Fim da dúvida
Somos todos Bentinhos, da obra machadiana. E o governo petista uma Capitu política, com plena consciência de que um projeto de poder resolveria sua vida e de seus companheiros. Se em Dom Casmurro pairam inúmeras dúvidas e questões em aberto, hoje a nação tem a percepção de uma verdade que até pouco tempo era incerta: nunca na história do país um cidadão manipulou como fantoche boa parte da população, e literalmente acredita estar acima das instituições democráticas, comprometendo os alicerces do pacto federativo. Tenho consciência de que a liberação das escutas pelo juiz Sérgio Moro é ilícita, e que parte não poderá ser utilizada como prova no processo criminal – além de colocar em risco até mesmo o andamento da Lava Jato, pois dificilmente ele escapará de sanções administrativas.

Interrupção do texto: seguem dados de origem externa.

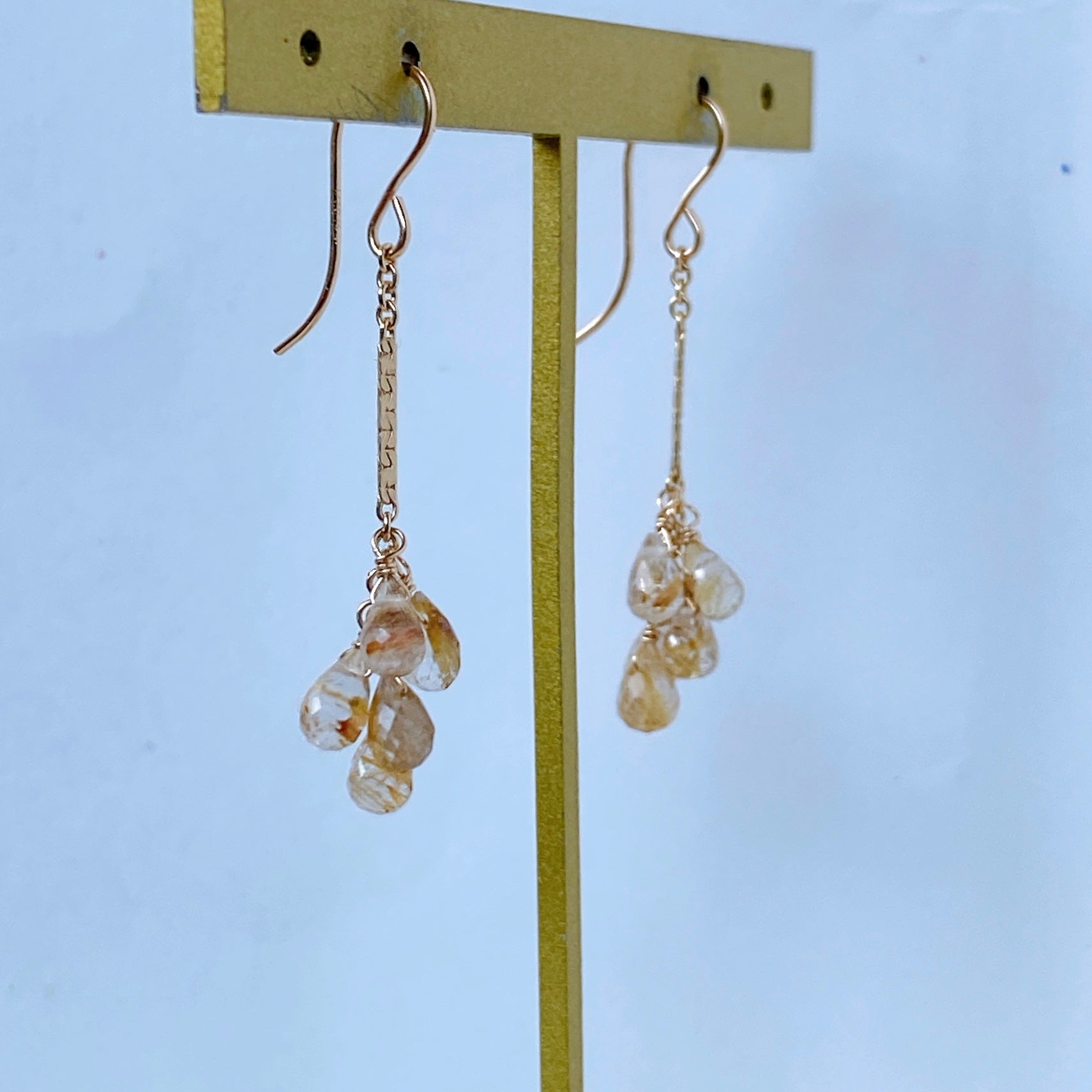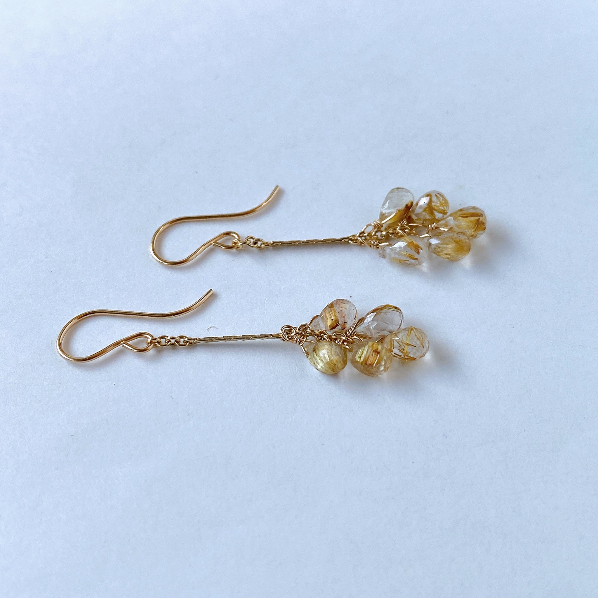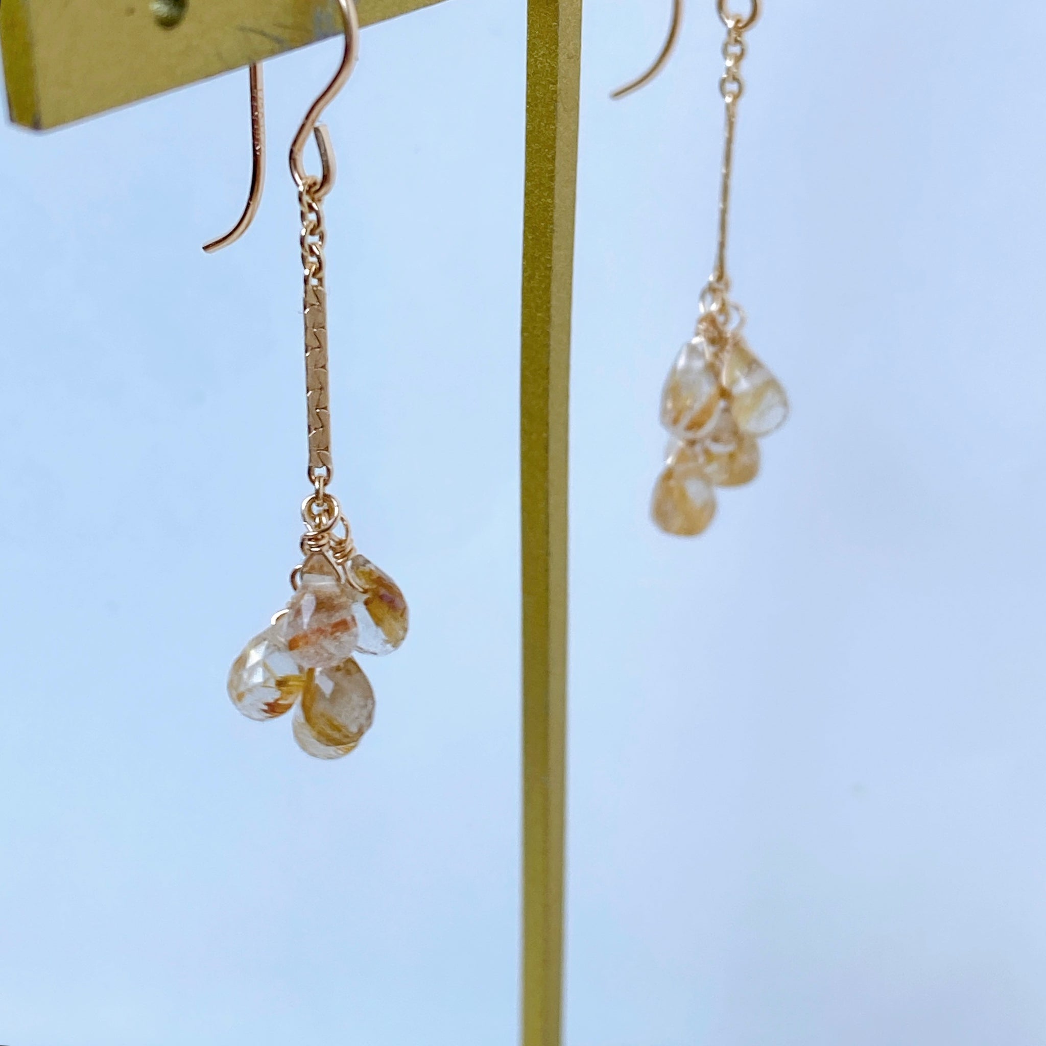 ドロップカットのルチルクォーツを使ってデザインした耳飾りです。

Todavia, agradeço a esse ato político – em contraposição à nomeação de Lula a Casa Civil e a decisão do STF sobre o rito do impeachment, para pôr um ponto final na incerteza de quão insignificantes nós somos perante aos nossos "líderes". Agora, é a hora de provarmos que não somos insignificantes!
SEBASTIÃO SEIJI TOKUNAGA (advogado) – Londrina

Esconderijo!
Que ótimo! Na hora de se esconder da Justiça, onde tem muito a explicar, o cidadão Luiz Inácio da Silva escolhe a Casa Civil como covil perfeito. Lembre-se, cidadão, que essa é a "cadeira maldita" de todos os governos petistas, de onde todos os que lhe foram designados saíram de forma não muito honrosa. Não é, José Dirceu? Sendo assim, cabe-nos, esperançosos cidadãos brasileiros, aguardar apenas um pouco mais para que a "maldição" da citada pasta se confirme e mais um seja de lá retirado, conforme manda a lei. E isto se dará em um tempo muito, muito breve, podem ter certeza!

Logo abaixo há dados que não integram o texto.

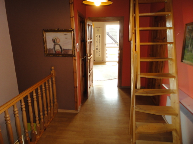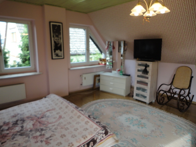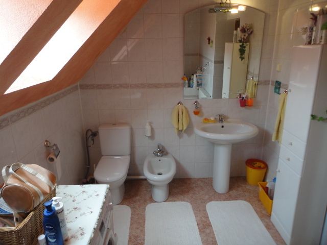 Piętro na którym znajdują się cztery pokoje- sypialnie 12,11,21,14 mkw, łazienka 7 mkw., pomieszczenie socjalne- schowek, hol z którego prowadza schody na poddasze. Na podłogach są panele. Ściany gładzone malowane. Piwnica w którym znajdują się cztery pomieszczenia i garaż dwu stanowiskowy. W 2009 r. był przeprowadzony w domu remont ale tak naprawdę nie był konieczny ponieważ dom był w bardzo dobrym stanie.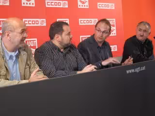 En rueda de prensa junto a los secretarios generales de UGT y CC.OO. en Cataluña, Josep Maria Álvarez y Joan Carles Gallego, ha emplazado al Ejecutivo catalán a presentar los presupuestos "que el país necesita" para generar empleo y reactivar la economía sin tener en cuenta un límite de déficit.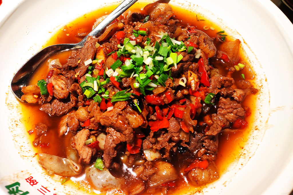 22日早晨,我们约定8点出发,起床后首先去街边店吃了碗牛肉面,然后前往沱江边。

NINA CARDOSO (psicóloga) – Londrina

Afronta
O PT mais uma vez conseguiu mostrar a que veio. A nomeação de Lula para ministro da Casa Civil é uma afronta à nossa inteligência. "A gente faz o diabo pra se manter no poder", foi dito na última campanha. Foi nomeado, sem sombra de dúvida, o mais ignorante ministro que teve esta Nação, não importando a pasta. Conseguimos ter um ministro que um dia se gabou de nunca ter lido um livro. Salve-se quem puder.
JOSÉ ROBERTO DIAS (aposentado) - Londrina
Operação Lava Jato
Por esses dois anos de atuação, o juiz Sérgio Moro e todos os envolvidos nesse trabalho ímpar da Operação Lava Jato, merecem todo nosso respeito e gratidão. Poucos brasileiros fizeram tanto por nossa Nação, quanto esses brilhantes Procuradores, Polícia Federal, juiz Moro e equipe sediada em Curitiba. O Paraná, o Brasil e mais que isso - a família brasileira - muito deve a esse trabalho maravilhoso.

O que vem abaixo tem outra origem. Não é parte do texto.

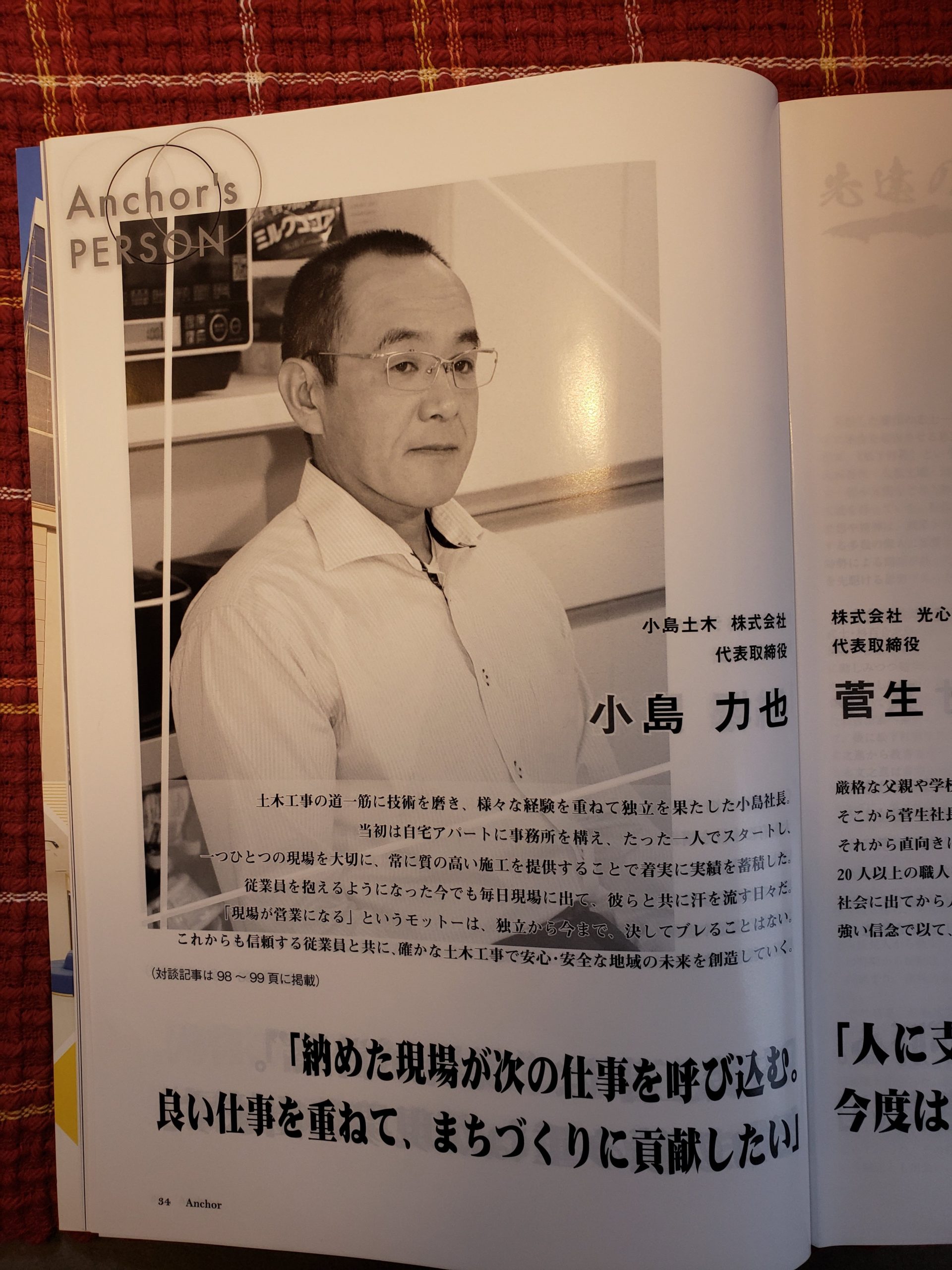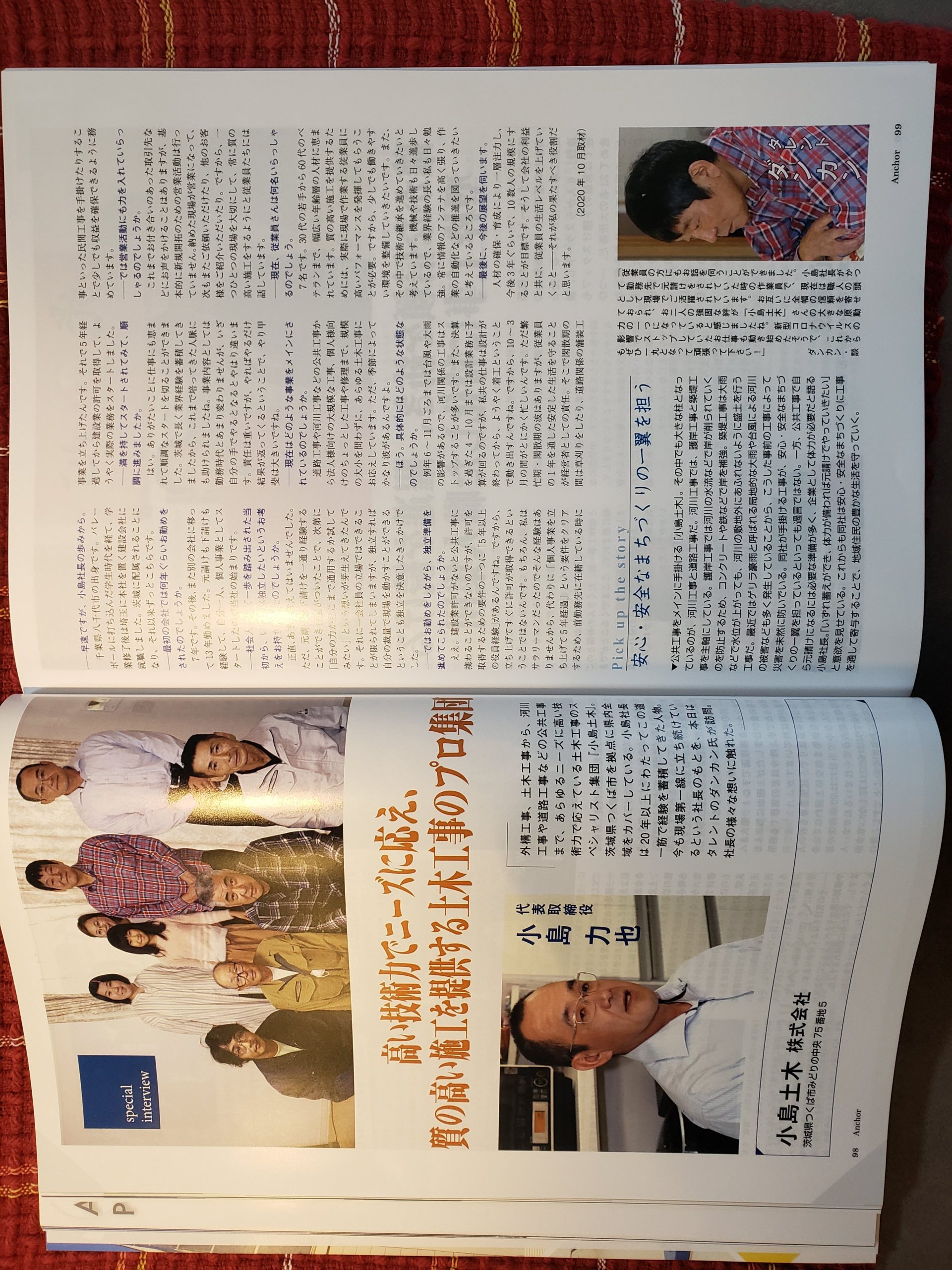 全国の様々な業種の方々が記載されており、大変興味深い記事も多々ありました。皆さん、苦労しながらも頑張っておられるようで、私共、小島土木においても、茨城県の建設会社として、恥ずかしくない仕事を引き続き行っていこうと思います。

LUIZ EDGARD BUENO (escritor) - Londrina

Corrupto de estimação
Buscado pela Justiça para pagar pelos seus crimes, o bandido de estimação de parcela da nossa população, conseguiu abrigo junto aos seus iguais instalado no Poder Executivo Federal. Usando costumeiramente o palavreado chulo que aprendeu no meio depravado dos sindicalistas "chupins" e pelegos, desafia com arrogância descomunal a tudo e a todos. Com o atrevimento de um tirano, insulta e coloca sob suspeita a integridade moral dos ministros da Corte Suprema. Também é desrespeitoso com os brasileiros que não aceitam seus arroubos despóticos, reivindicando o status de um ser superior, acima da lei e intocável. Sua verborrágica oratória agrada e faz vibrar os otários que o seguem. Suas mentiras satisfazem aos incautos e pobres coitados, desprovidos de uma visão mais acurada da real situação do País e que se deleitam com as migalhas do seu banquete. Suas atitudes são apoiadas pelos fanatizados, pela "esquerda caviar" e por uma turba de ociosos e improdutivos que, como ele, nunca trabalharam e vivem às custas de verbas sindicais, extorquidas do dinheiro suado dos trabalhadores brasileiros. Ultimamente, age como um meliante em fuga constante da polícia. E a inútil mandatária mor da República, que lhe deu salvo conduto e as chaves do palácio para fugir da lei, tem a petulância de bater no peito e dizer: "Sou honesta, ninguém prova nada contra mim". Seria cômico, se não fosse trágico.